Up until this point, he had never touched a computer before.
He had only seen his mother and I use them, but never had the opportunity himself.
We quickly grabbed our video camera and started capturing the moment on film.

He had his own computer at four.
We let him online at twelve, albeit with great supervision.
We gave him a smartphone at 14.
We weren’t going to do so that early, but he’s proven himself very responsible, so we have rewarded him with that trust.

He also knows that with my level of technical knowledge and ability to monitor, I can at any point, determine whether or not that trust has been ill-conceived.

Yes, he’s a gamer and loves to play inside more than we did as kids.
However, he is also a member of our local YMCA, works out every Saturday and volunteers every Saturday evening.
He has just been accepted as a member of our city council’s youth advisory board, is joining the local volunteer ambulance service, is a member of a youth engagement squad (involving the city, school board and YMCA) and he has a couple strong possibilities for his first summer job.
He’s now in his second year of highschool, an honor roll student and wants to become an architectural engineer.

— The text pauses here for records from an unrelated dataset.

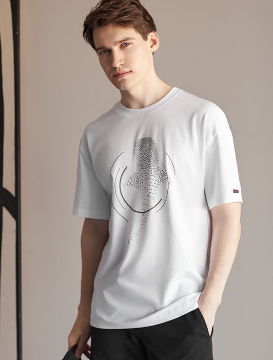Состав: 92%Хлопок 8%ПУ Плотность: 170 Г/м2Футболка свободного кроя выполнена из премиального хлопка. Авторский принт нанесен красками с устойчивым покрытием. Благодаря эластану, носить изделие очень комфортно, и оно сохранит свой безупречный вид в течение долгого времени. На рукаве нашивка из эко-кожи с логотипом бренда.
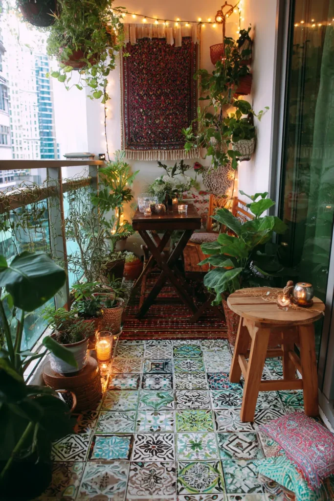 This small balcony is bursting with personality, using layers of texture, color, and pattern to create a vibrant, exotic hideaway. The floor is covered in ornate, multicolored patterned tiles or a rug, instantly setting a global, bohemian mood. A folding wooden bistro table and a small, rustic side stool are nestled amongst an abundance of lush plants and hanging greenery. The space is topped off with a mix of string lights and a colorful tapestry hung on the wall, adding a cozy, handcrafted touch.
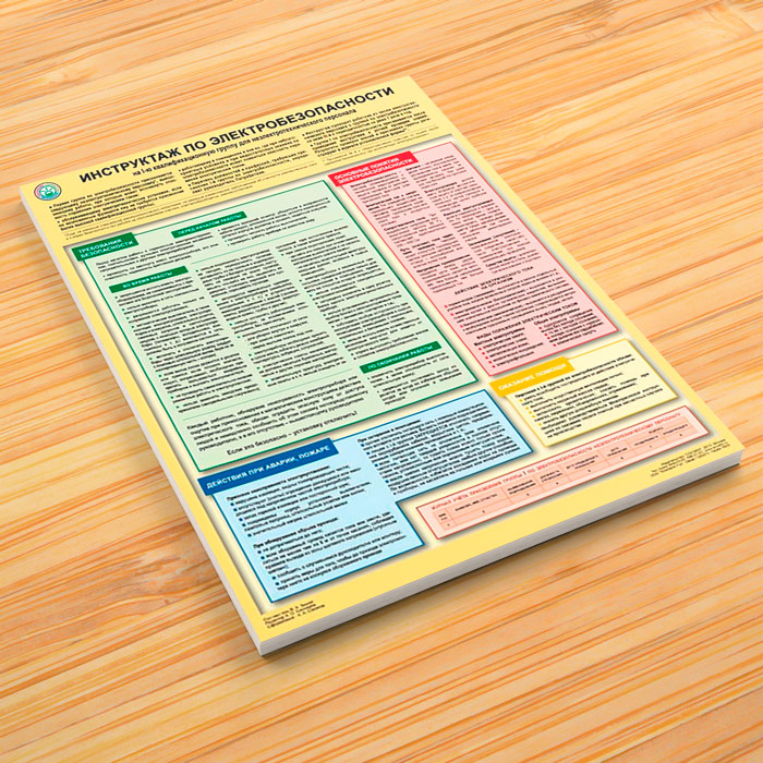 Плакат «Инструктаж по электробезопасности – на 1 квалификационную группу для неэлектротехнического персонала» содержит требования безопасности перед началом работ, во время выполнения работ и по окончании работ. В плакате описаны основные понятия электробезопасности, действия при аварии и пожаре, оказание помощи при поражении электротоком
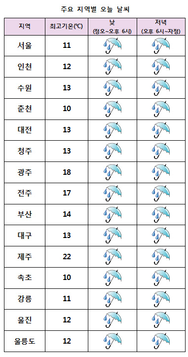 ÀÌ¾î ¡°³· ÃÖ°í±â¿ÂÀº ¼¿ï¡¤°¸ª 11¡É, ´ëÀü¡¤´ë±¸ 13¡É, ºÎ»ê 14¡É, ±¤ÁÖ 18¡É µî Àü±¹ÀÌ 10~22¡ÉÀÇ ºÐÆ÷¸¦ º¸À̰ڴ١±¸ç ¡°³»ÀÏ(24ÀÏ)±îÁö Àü±¹ ´ëºÎºÐ Áö¿ª¿¡ ºñ°¡ ³»¸®¸é¼ ³· ±â¿ÂÀº Æò³â°ú ºñ½ÁÇϰųª ³·°Ú´Ù¡±°í ÀüÇß´Ù.

I like to think that his constant exposure to technology has had something to do with his successes.
He has excellent communication skills, more opportunities available to him than we had as children and a better CV under his belt already than many people I’ve hired in the many years I’ve spent in management.

While it may seem like our son is an over-achiever, he’s really not.
He has all the challenges a typical teenager does and we are not the type of parents to push, just to encourage.
However, without technology opening up his opportunities to communicate and learn, I doubt he would be doing as well as he is now.

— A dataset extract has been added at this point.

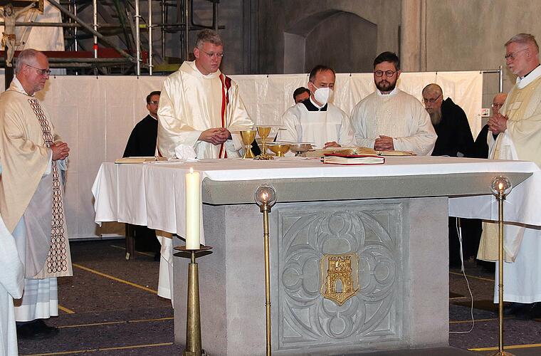 Mit dem Empfang im Schlosshof war die Primizfeier für Pater Christian noch lange nicht zu Ende. Am frühen Abend fand in der Klosterkirche ein Gottesdienst statt, im Rahmen dessen er den Primizsegen spendete und mit den Gläubigen auch ins Gespräch kam.
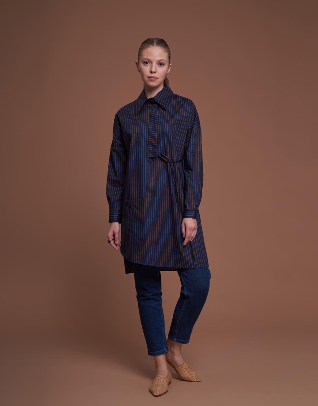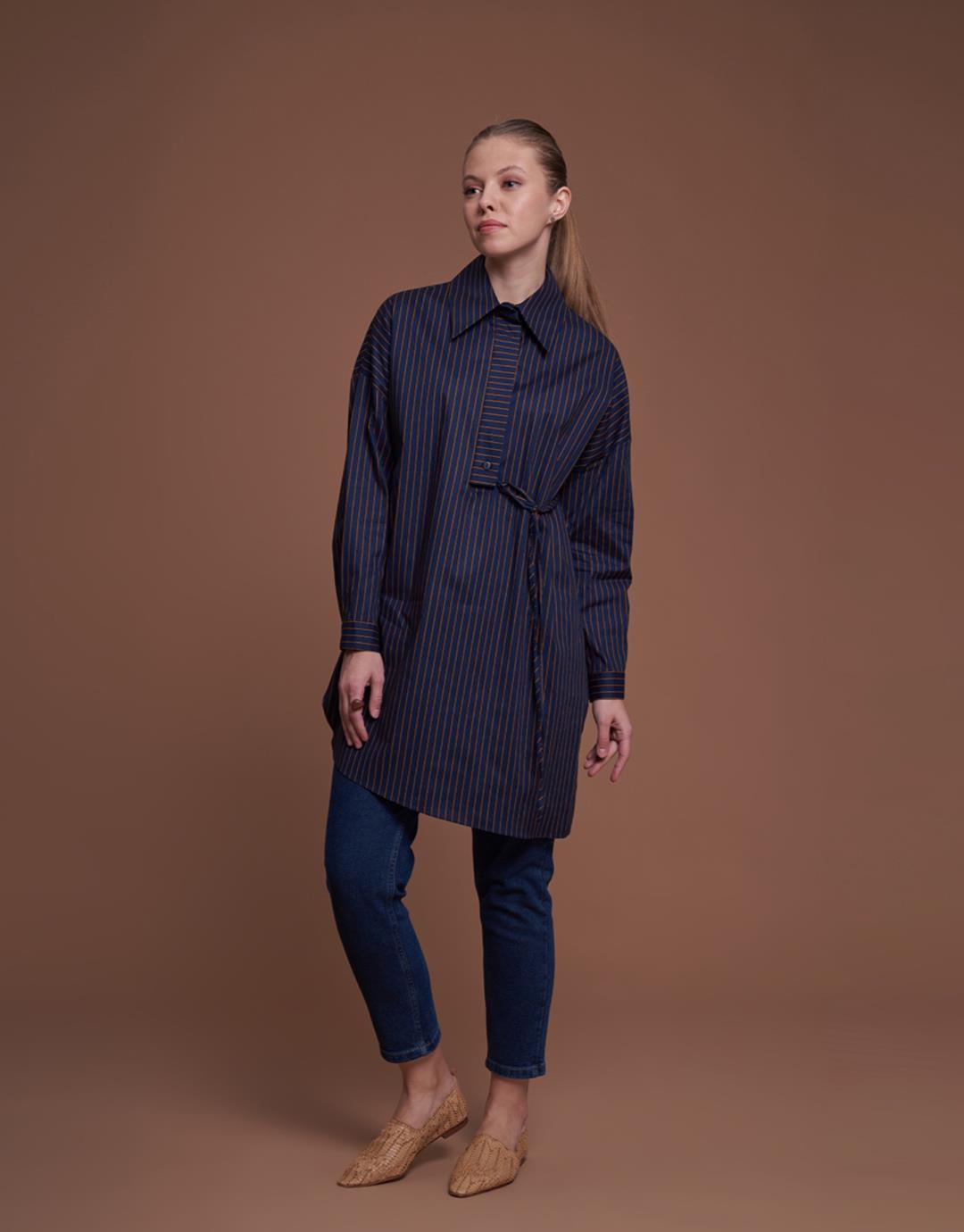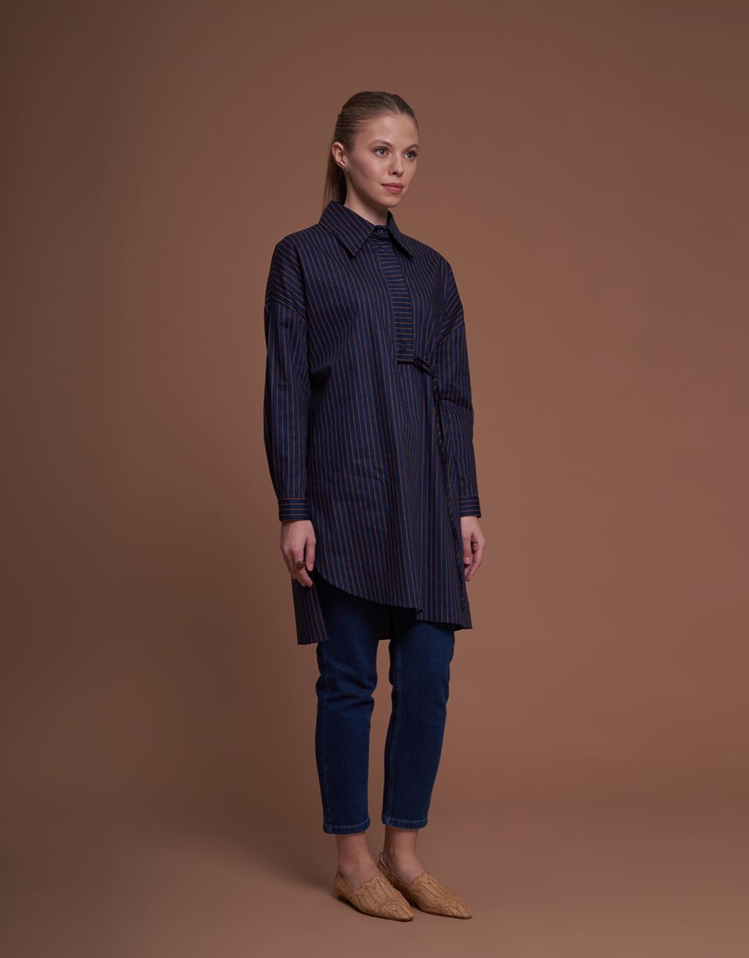 Home2020 Fall / WinterSide Tie Striped Cotton Line Shirt – Navy Blue – 1087 Side Tie Striped Cotton Line Shirt – Navy Blue – 1087 Category: 2020 Fall / Winter Product ID: 23295 Description Description Sample Size : 1 Fabric Information : 97% Cotton 3% Elestane Usage and Washing Instructions : Recommended Dry clean.

So, once again, there is no minimum age.
Our children absorb more than we think and we should never underestimate them.
We need to trust, encourage and reward them.
Technology can be a fantastic tool for parents and children, if we use it responsibly, as well.

(By the way, what happened to your Disqus comment system?)

1 votes

Dave Parrack

You seem to have been able to find a healthy balance for your son. Or perhaps it’s a natural instinct for us not to shut ourselves away at the mercy of technology. An interesting comment, regardless.

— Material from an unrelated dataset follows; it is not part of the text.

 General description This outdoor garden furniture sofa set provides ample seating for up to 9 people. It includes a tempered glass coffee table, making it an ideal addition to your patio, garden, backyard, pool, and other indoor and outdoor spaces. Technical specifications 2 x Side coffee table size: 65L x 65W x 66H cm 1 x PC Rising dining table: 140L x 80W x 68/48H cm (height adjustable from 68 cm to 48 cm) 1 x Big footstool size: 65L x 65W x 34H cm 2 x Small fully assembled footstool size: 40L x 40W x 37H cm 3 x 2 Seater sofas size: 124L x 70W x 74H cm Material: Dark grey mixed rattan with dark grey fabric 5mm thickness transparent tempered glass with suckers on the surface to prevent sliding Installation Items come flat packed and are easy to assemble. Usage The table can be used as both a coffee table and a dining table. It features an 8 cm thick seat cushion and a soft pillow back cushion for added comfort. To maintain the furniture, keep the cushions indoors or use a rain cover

(We ditched it last year and the new one has been working well ever since.)

0 votes

Lisa Santika Onggrid

Interesting story. Again, this proves that moderation is the key. As long as everything is balanced, exposure of technology will give one huge advantage.

1 votes

edz

You will agree with me that the era we are and growing into is technological, no doubt about it. Exposing children to this system that they will later get to know control their way of doing thing is a helpful thing.
I will send my child to school of technology from the very moment he or she start to pay attention to details which happen from age 1 in most kids I know.

1 votes

Frank Kenyan

We have a new government whose ride to the presidency included a promise to give a LAPTOP to every CLASS ONE school entrant. That’s around 4-7 year old. Maybe that’s one of the reasons they won, but it has since elicited mixed reactions from everyone.
For example, what does that aim to achieve, a six year old with a laptop is useless, it’s still too early! Conversely, they can be given e-readers, but STILL, they are too young. I think 10 years is fine, for basics in computing- with internet restriction, its an insecure world out there!

1 votes

Dave Parrack

It’s interesting that you think six is too young for a computer, whereas a lot of commenters are saying there should be no minimum age. Safety is certainly an issue, but assuming that’s taken care of would you be happier with younger children heading online?

1 votes

xsuperchick

Children should be exposed technology with caution. Not for long, but make them capable to understand how a tablet works before they get to handle one and break it. They need to be able to help their grandparents to change their background picture of their iphones just because kids are curious and you shouldn’t stop this. They should watch TV at some point of the day, but make them get more interested in animal planet, discovery… make them fans of myth busters. Children should be exposed to technology around their 6 or 7, when they are learning what’s good and what’s not good. They will learn to take care of their own things and they will develop new skills. But all this being measured, nothing in excess is good and that applies especially to little kinds and their new discovering minds.

0 votes

Lisa Santika Onggrid

Children should be introduced to technology as early as possible, BUT after they meet real book and paper. Do not make them too reliant to technology, but let them know various things you can do with a device. The term technology here doesn’t apply to ‘click, click, win’ casual games, mind you (no offense to those who like these kind of games. I just think it’s not good to introduce them to this first). Expose them with computer/tablet, let them explore by their own. I love console games as a child–I still do, but I think I’m fortunate enough to be exposed with books first and grew reading habit. This way a child will understand technology, how to use them wisely, and have decent attention span (hopefully). I meet internet when I was 5 and began learning computer at 7. Most of things I know came from trial-and-errors and lots of reading.

0 votes

Dave Parrack

I’m still an advocate for printed books, but the way things are going I cannot see them being a thing in 20-30 years time. The thing is, kids may read more if the books were available in digital form and capable of being dipped in and out of, so eBooks aren’t necessarily a bad thing.

5 votes

Mel Johnson

In general, I believe that age 7 is when a child’s brain is developed to the point that screen-time isn’t too damaging. Obviously, this is a totally unsupported statement. I remember years ago reading (I couldn’t tell you where now) that until age 7, a child’s brain is meant to stay in creative play and exploration, and is not suited to or even capable of intellectual activity. Screen time squashes creativity in the brain.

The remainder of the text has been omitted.